Material shown:
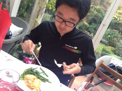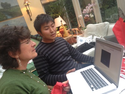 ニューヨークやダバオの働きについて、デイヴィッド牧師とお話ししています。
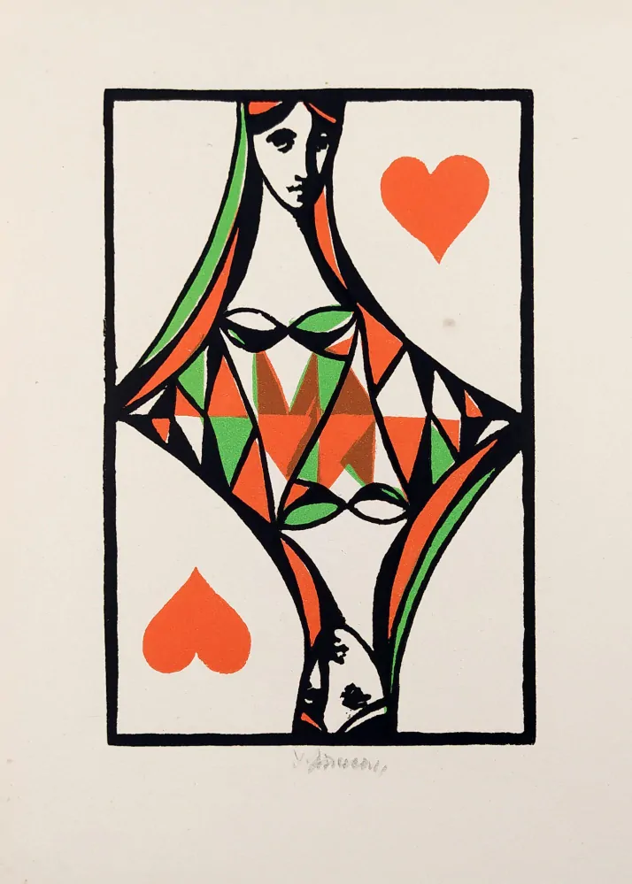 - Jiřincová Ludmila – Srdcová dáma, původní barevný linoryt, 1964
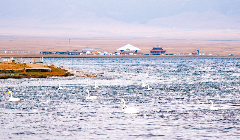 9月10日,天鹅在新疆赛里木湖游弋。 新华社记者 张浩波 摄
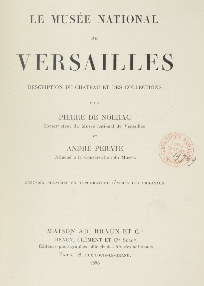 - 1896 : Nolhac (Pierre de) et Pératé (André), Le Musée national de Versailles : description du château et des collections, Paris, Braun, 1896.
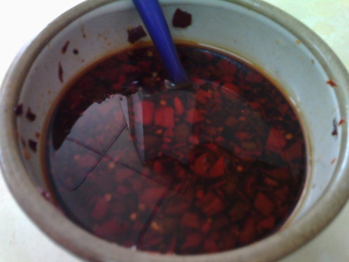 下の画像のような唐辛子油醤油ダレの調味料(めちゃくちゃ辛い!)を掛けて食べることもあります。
==
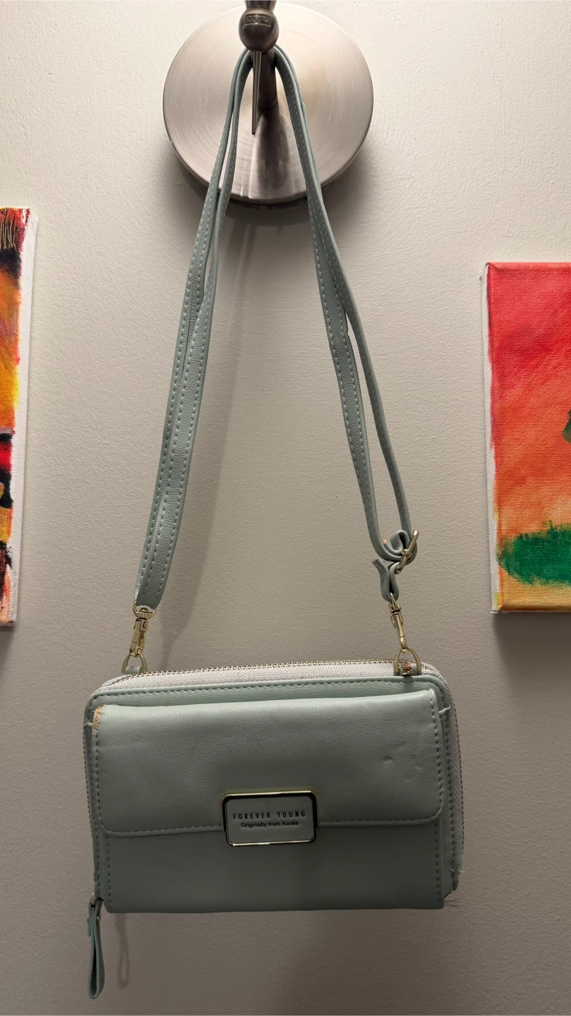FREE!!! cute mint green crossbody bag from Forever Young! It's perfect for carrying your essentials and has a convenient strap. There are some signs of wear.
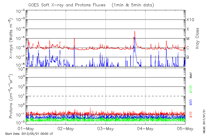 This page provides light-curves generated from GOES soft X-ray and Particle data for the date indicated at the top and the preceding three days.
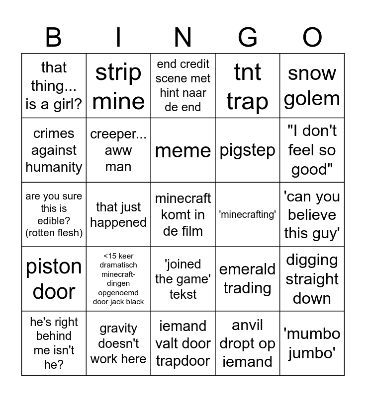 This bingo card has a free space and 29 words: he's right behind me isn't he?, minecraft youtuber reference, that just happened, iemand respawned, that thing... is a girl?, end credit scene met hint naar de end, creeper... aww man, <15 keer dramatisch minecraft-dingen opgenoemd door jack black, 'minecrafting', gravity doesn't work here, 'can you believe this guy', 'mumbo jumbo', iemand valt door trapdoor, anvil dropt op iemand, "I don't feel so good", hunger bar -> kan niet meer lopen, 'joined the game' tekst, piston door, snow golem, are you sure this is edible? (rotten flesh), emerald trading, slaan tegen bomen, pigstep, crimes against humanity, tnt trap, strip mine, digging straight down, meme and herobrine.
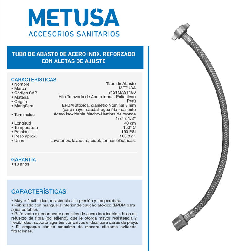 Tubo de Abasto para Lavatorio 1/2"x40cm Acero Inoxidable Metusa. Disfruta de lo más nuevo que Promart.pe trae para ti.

What you need to do: From the material above, reproduce only what runs from the line holding "- 1896 : Nolhac" down to the line holding "下の画像のような唐辛子油醤油", both included, pictures excluded.

Task solution:
 - 1896 : Nolhac (Pierre de) et Pératé (André), Le Musée national de Versailles : description du château et des collections, Paris, Braun, 1896.
 下の画像のような唐辛子油醤油ダレの調味料(めちゃくちゃ辛い!)を掛けて食べることもあります。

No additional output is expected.